Still, the online world may be the final refuge for privacy and the stranger. If face recognition becomes robust and commonplace, and cameras continue to proliferate in buildings and on foreheads, then data by and about you will augment your physical presence, creating an omnipresent data shadow. There is no facial pseudonymity: your face is coupled to you far more tightly than your real name. In this future, only online will pseudonymity—the ability to maintain separate social contexts and have the level of everyday control over self-presentation we take for granted today—be possible. But people must demand it; if universal real-name identification prevails online, it too becomes a space of collapsed context and casual surveillance.4
Too often, it can seem as if technological developments are inevitable—they are not. Yet to change things, to shape new technologies, we need to be aware of what is possible—and of the consequences of different choices.
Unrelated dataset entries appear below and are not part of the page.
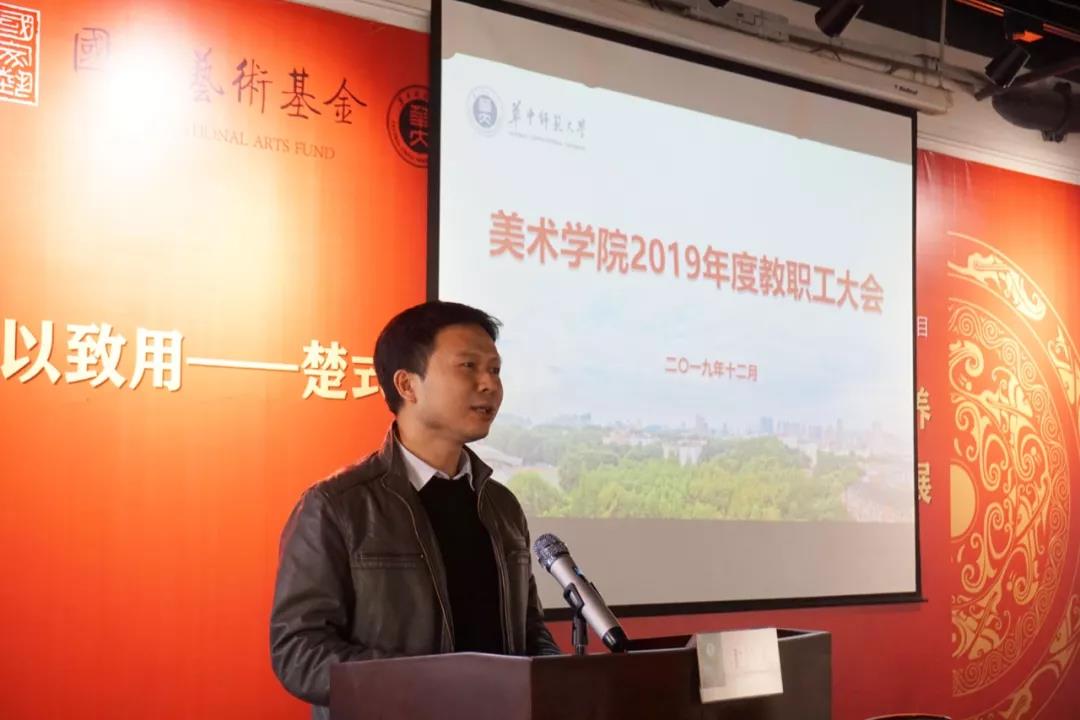 接着,由辛艺华院长作2019年度美术学院工作报告。辛院长首先对我院教师作出的发展成果表示肯定,对奋斗在一线的教职工表示感谢,其次对本年度工作进行了回顾。在党建工作方面,深入开展的“不忘初心、牢记使命”主题教育成效显著,着重加强特色支部建设,党员教育与日常管理工作也有条不紊展开。在人才培养方面也取得重要进展,学生思想政治教育彰显成效,科研工作达到新高度。辛院长强调,学科与教师队伍的稳步推进,学科发展与美育特色工作的有效融合,虽推动了美育工作的发展,但同时也要清醒的认识到学院的基础发展相对薄弱,人才培养与课程设置存在结构性矛盾,希望在2020年能够抓住机遇、凸显特色、把握重点、落实实事,将学院各项工作带来质的飞跃。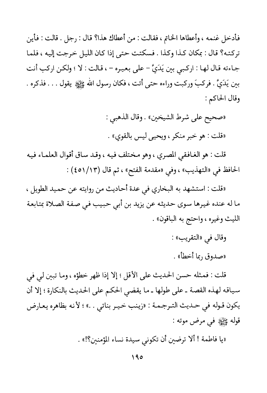 قلت: فمثله حسن الحديث على الأقل؛ إلا إذا ظهر خطؤه، وما تبين لي في سياقه لهذه القصة- على طولها- ما يقضي الحكم على الحديث بالنكارة؛ إلا أن يكون قوله في حديث الترجمة: "زينب خير بناتي.. "؛ لأنه بظاهره يعارض قوله - صلى الله عليه وسلم -في مرض موته: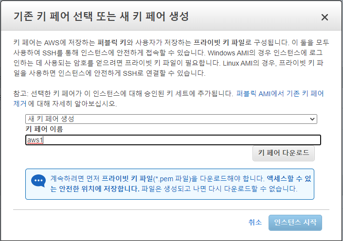 해당 화면에서 키 페어를 생성하여 줍시다. 키 페어 이름( 원하는 이름으로 생성 )을 입력 후 키 페어 다운로드 후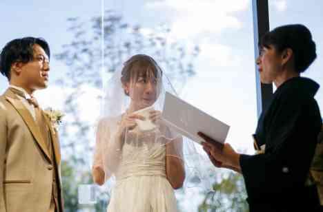 我が子の成長を願い見守ってきた大好きなお母様からの誓いの言葉。ご新婦お母様からご新郎様に向けて、そしてご新郎お母様からはご新婦様へ問いかけて頂きました。 今まで聞いたこともなかった我が子への想いを聞いたおふたりはもちろん、会場にいた全員が感動し涙を流しました。アーククラブ迎賓館のチャペルは木の温もりに溢れた宗教色のないチャペルなので人前式がオススメです!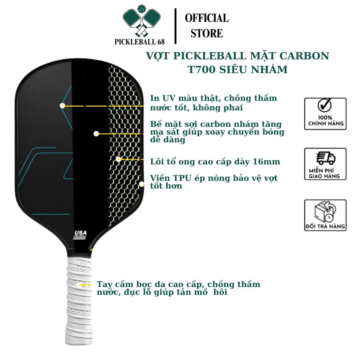 Vợt pickleball Carbon T700 cao cấp phù hợp cho mọi người - Tặng kèm 2 trái banh Pickleball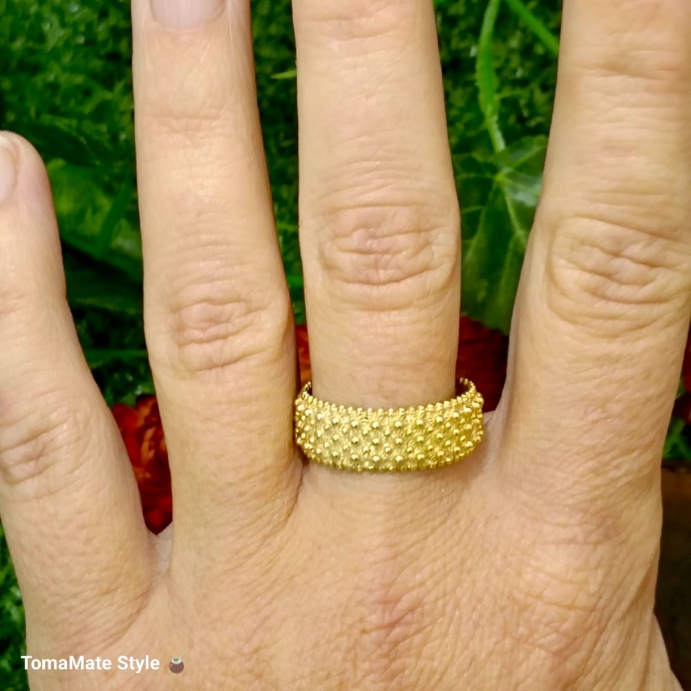 L’anello ha un’altezza di 0,5 cm e un diametro base di 2,2 cm (misura 19), modificabile su richiesta prima dell’acquisto.

That is why I wrote this book for users as well as designers, for the inhabitants of the spaces, the participants in the discussions, the subjects of the portraits.
This book is a manifesto about what the connected world can be like—a vivid, nuanced space in which the inhabitants have the awareness and tools to shape their world and the impression they make in it. We are not yet there. This is not for lack of data or analytic technologies: today, vivid data portraits and network maps are being made; but they are produced for institutional eyes, to accurately target marketing messages or find criminals (Clifford and Hardy 2013; Gallagher 2013; Wall Street Journal 2010–2013). This is, perhaps, due to lack of understanding and vision of what our mediated experiences and interactions can and should be like.
Understanding privacy issues and assessing information is important. But so is recognizing the joy of sociability. Face to face, we surround many of our social interactions with pleasure. We go out to lunch together, or talk while taking a walk; we meet over coffee. We use the setting to enhance the relationship, to imbue our experience and memory of being with someone with pleasant times, enjoyable experiences. The emphasis here on the visual and the aesthetic has been to create this sort of experience. Setting and sociability—interface and impression—are inextricably linked.
In the words of William Whyte, what attracts people the most is other people. The designs in this book are fundamentally about seeing and being with people: about vividly portraying individuals, bringing conversational participants into focus, populating online spaces, and visualizing social patterns. As with being in the city, going beyond being there holds risk for us; but it also holds the promise of inspiration and new connections.